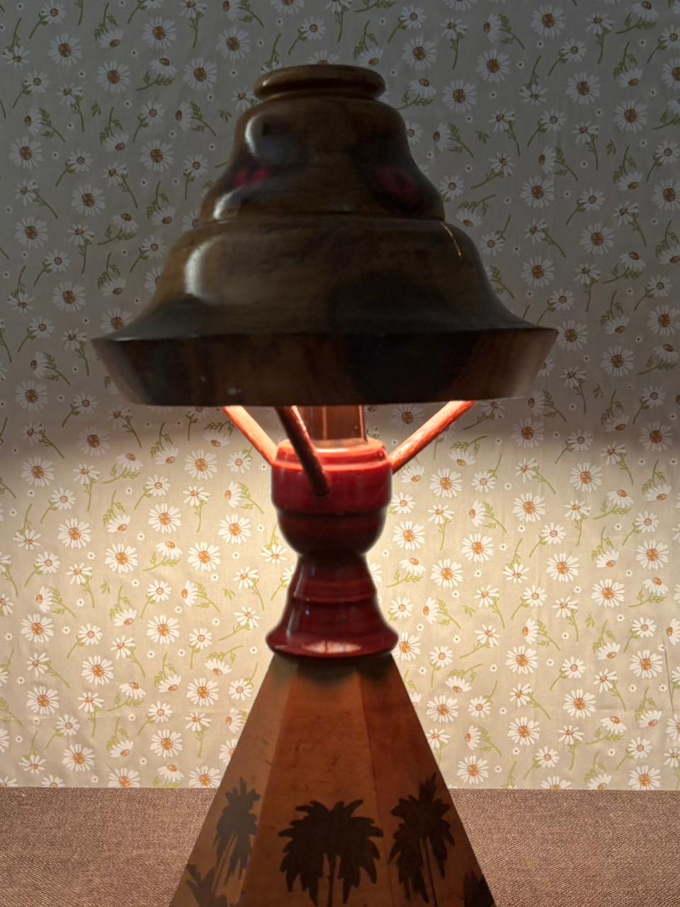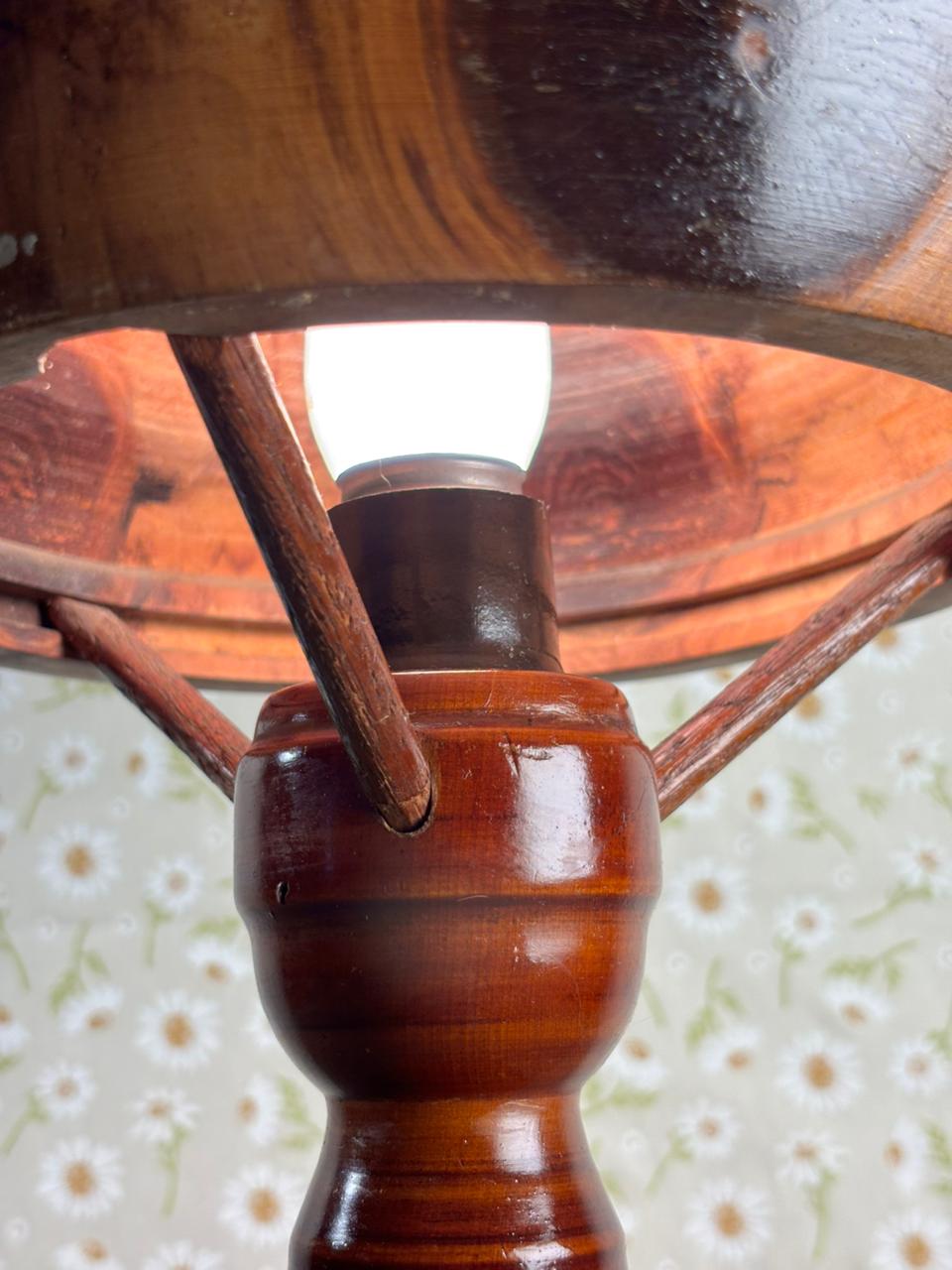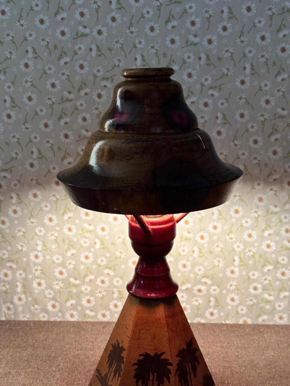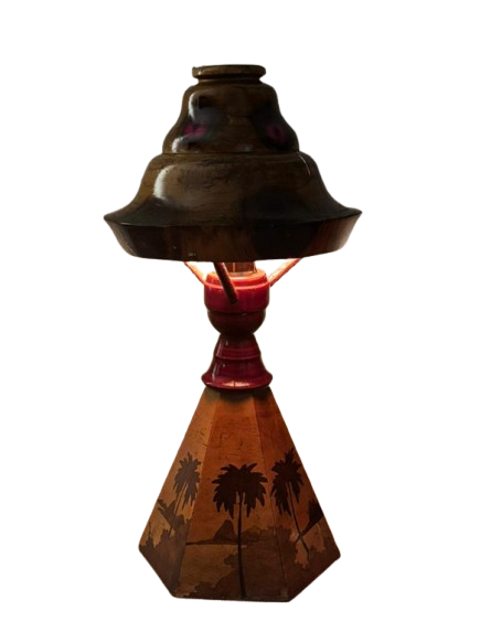 Peça rara e de forte presença decorativa, este abajur é inteiramente produzido em madeira e reúne elementos pouco comuns em um único conjunto: cúpula rígida original, estrutura central em madeira e base com trabalho de marchetaria figurativa, formando uma paisagem com palmeiras. O resultado é uma peça cênica, ornamental e muito singular, daquelas que se destacam não apenas como iluminação, mas também como objeto de coleção e composição.
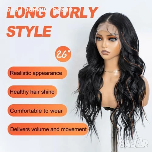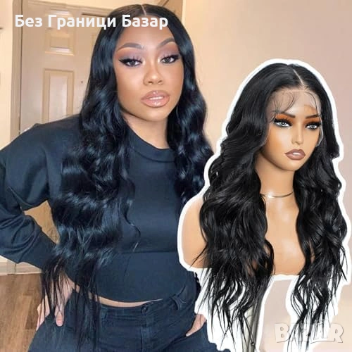 Дълга вълниста перука 26 инча в черен цвят
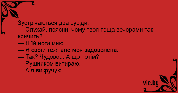 — Слухай, поясни, чому твоя теща вечорами так кричить?

Exercise details: When you write out the material, reproduce each line exactly and omit any picture it holds.

Result below:
 Peça rara e de forte presença decorativa, este abajur é inteiramente produzido em madeira e reúne elementos pouco comuns em um único conjunto: cúpula rígida original, estrutura central em madeira e base com trabalho de marchetaria figurativa, formando uma paisagem com palmeiras. O resultado é uma peça cênica, ornamental e muito singular, daquelas que se destacam não apenas como iluminação, mas também como objeto de coleção e composição.
 Дълга вълниста перука 26 инча в черен цвят
 — Слухай, поясни, чому твоя теща вечорами так кричить?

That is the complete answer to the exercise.